[[ Supplied material, beginning ]]

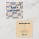 Bring a splash of retro charm to your professional identity with this periwinkle and peach checkerboard business card. Featuring bold typography, a cheerful daisy icon, and a soft yet playful color palette, this design is ideal for creatives, influencers, entrepreneurs, or small business owners. Personalize it with your name, title, contact info, and social media handles to make networking effortless and stylish.
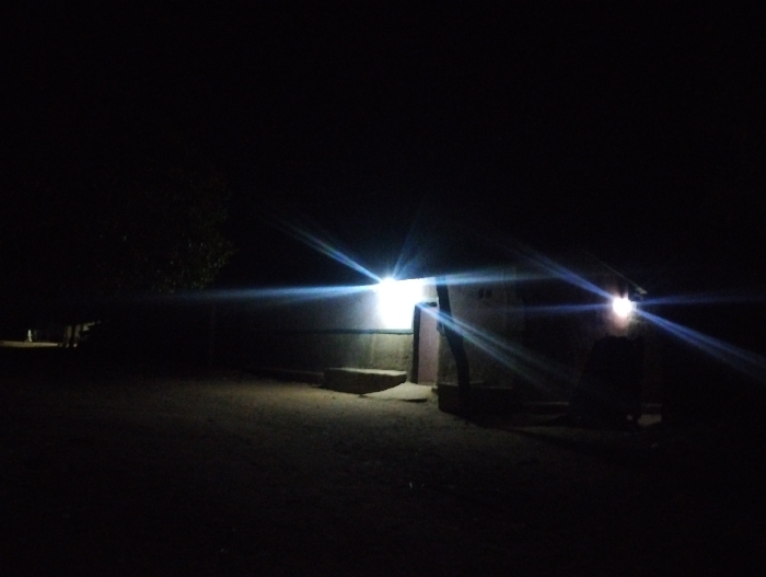 The image depicts a dimly lit nighttime scene in Bajoga, Nigeria, at the coordinates 10.852° N, 11.426° E. There is a small, one-story building illuminated by a single bright light. The light source is a bare bulb, casting a strong, focused beam. In the foreground, two figures are standing in front of the structure. Their features are obscured by the shadows. The surroundings are obscured by darkness, but there are indications of a dirt ground and some vegetation. The air is still and quiet. The scene suggests a typical rural setting in Nigeria.
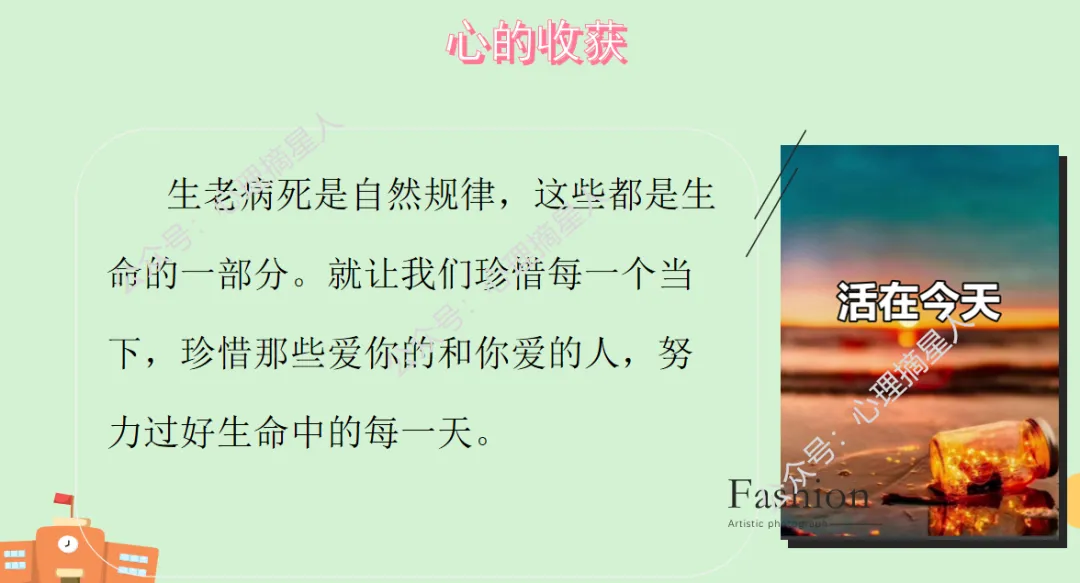 4.学会表达和应对死亡分离时的情绪,接纳生命的离去,学会珍惜当下。
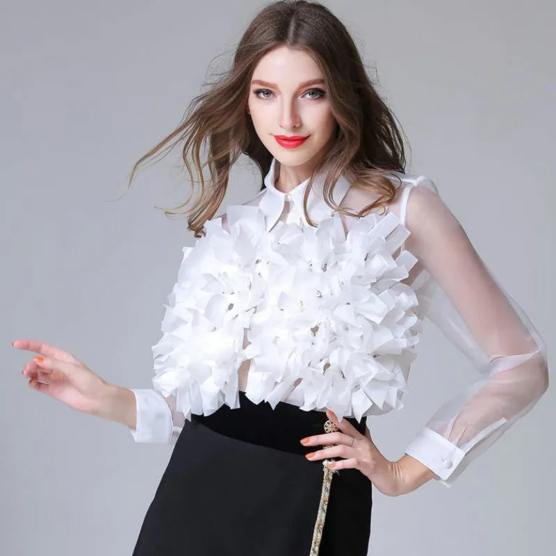 Appliques Organza Chemisier En Mousseline En Soie Originale Shirt Tops Femmes Chemisier Blanc Noir Translucide A Manches Longues Blouse 17 Aliexpress
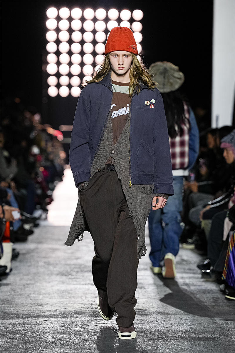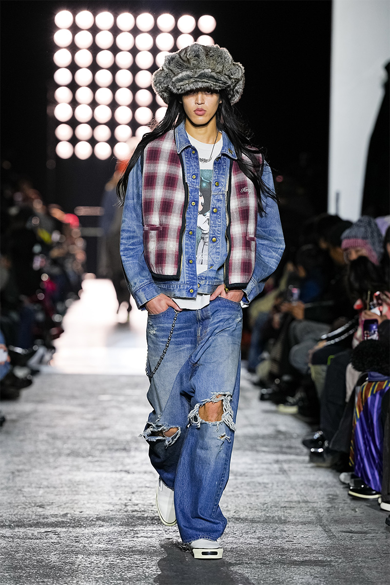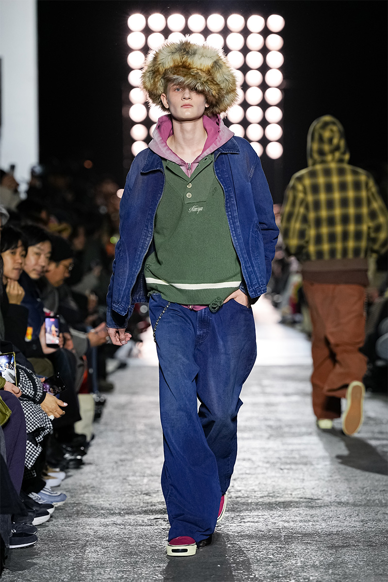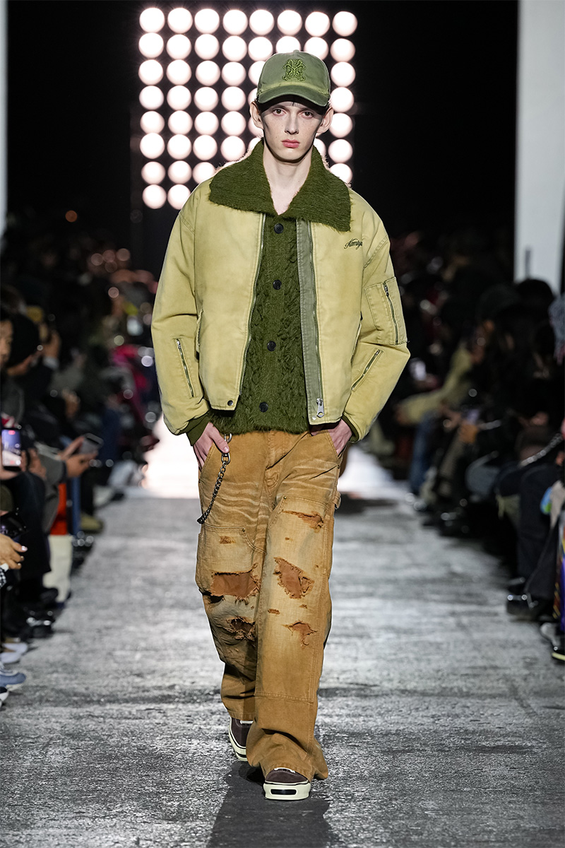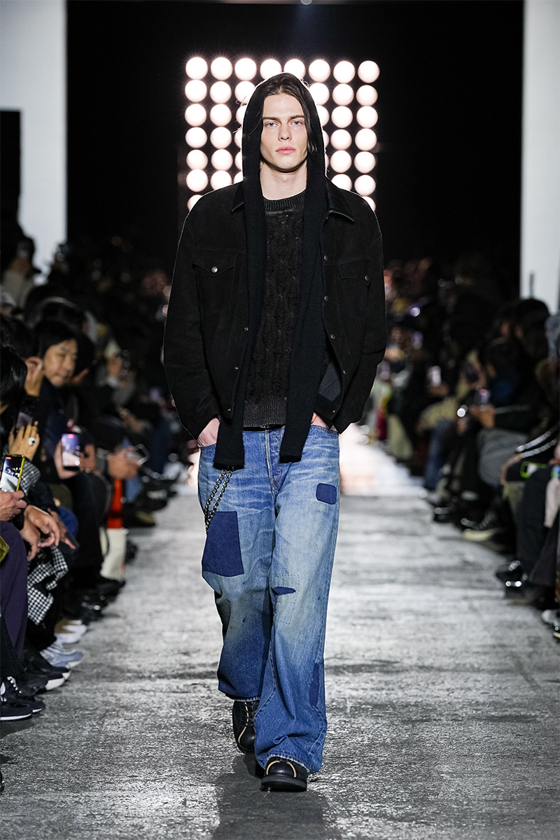 ブランドの代名詞であるヴィンテージ加工も一層の冴えを見せる。前シーズンに支持を得た三重ガーゼ生地にバンダナ柄をのせたワークジャケット、中綿入りのベストやパンツをはじめ、オリジナルロゴを配したコンパクトなフーディ、グランジ感漂うダメージカーディガンなどが次々と登場。シグネチャーのデニムには緻密な色落ちやクラッシュ加工が施され、パンツはワイドやフレアシルエットを腰穿きするスタイルがランウェイを彩った。
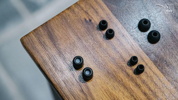 这里,Beoplay EQ 提供了胶塞和记忆海绵塞两种不同材质的耳塞,胶塞有 L、M、S 三种尺寸,记忆海绵就有 M 号一个尺寸,用户可以按照自己的佩戴需求自行选择。
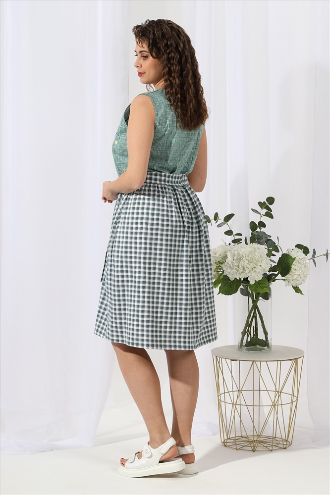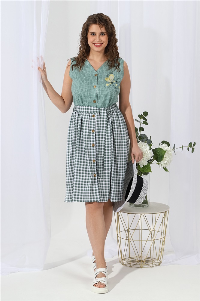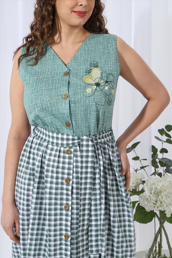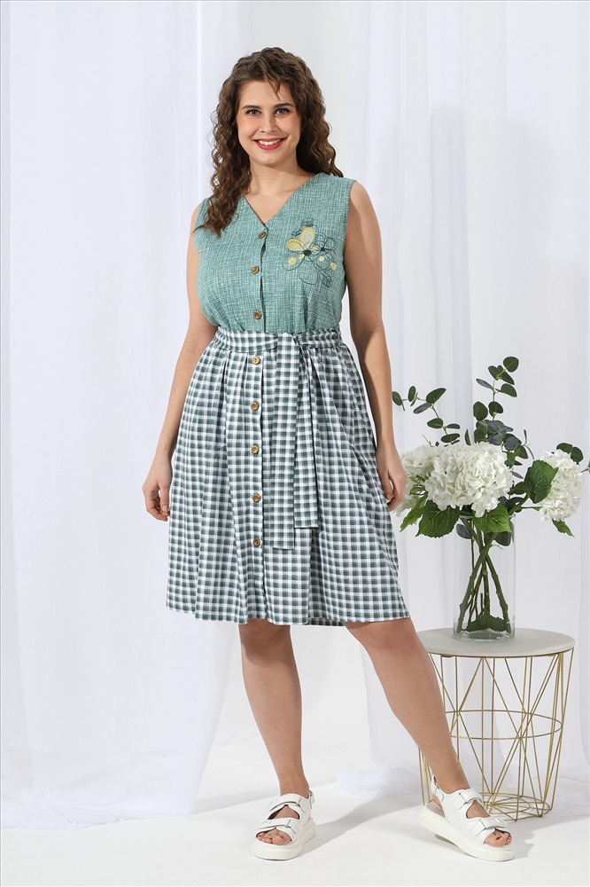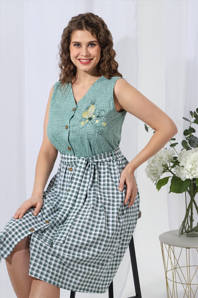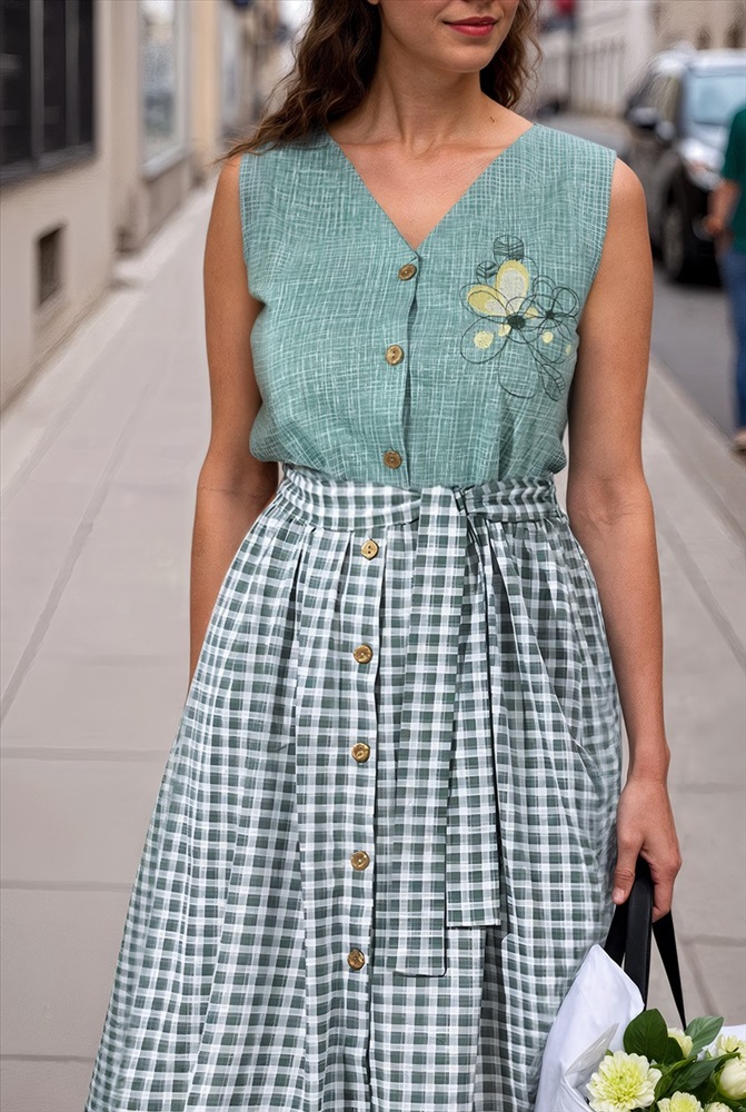 Сарафан из трикотажного полотна «кулирка» в сочетании двух видов в единой цветовой гамме: с мелкоузорчатым набивным рисунком, имитирующим ткацкое переплетение «рогожка» и с рисунком в мелкую клетку, отрезной по линии талии, с V-образной горловиной, центральной бортовой застежкой на обметанные петли и пуговицы и вышивкой на левой полочке лифа. Горловина спинки и проймы окантованы основным материалом. Юбка присборена по шву соединения с лифом. Съемный завязывающийся пояс фиксируется двумя шлевками из окантовки, вставленными в боковые швы на уровне талии.

[[ Supplied material, end ]]

_Problem details:_
Work from the entries above. Set down exactly and only the lines from the line with "ブランドの代名詞であるヴィン" to the line with "这里,Beoplay EQ 提供了胶塞和记忆海绵塞两种不同材质的耳塞,胶塞有", both included, and leave the pictures out.

_Answer to this task:_
 ブランドの代名詞であるヴィンテージ加工も一層の冴えを見せる。前シーズンに支持を得た三重ガーゼ生地にバンダナ柄をのせたワークジャケット、中綿入りのベストやパンツをはじめ、オリジナルロゴを配したコンパクトなフーディ、グランジ感漂うダメージカーディガンなどが次々と登場。シグネチャーのデニムには緻密な色落ちやクラッシュ加工が施され、パンツはワイドやフレアシルエットを腰穿きするスタイルがランウェイを彩った。
 这里,Beoplay EQ 提供了胶塞和记忆海绵塞两种不同材质的耳塞,胶塞有 L、M、S 三种尺寸,记忆海绵就有 M 号一个尺寸,用户可以按照自己的佩戴需求自行选择。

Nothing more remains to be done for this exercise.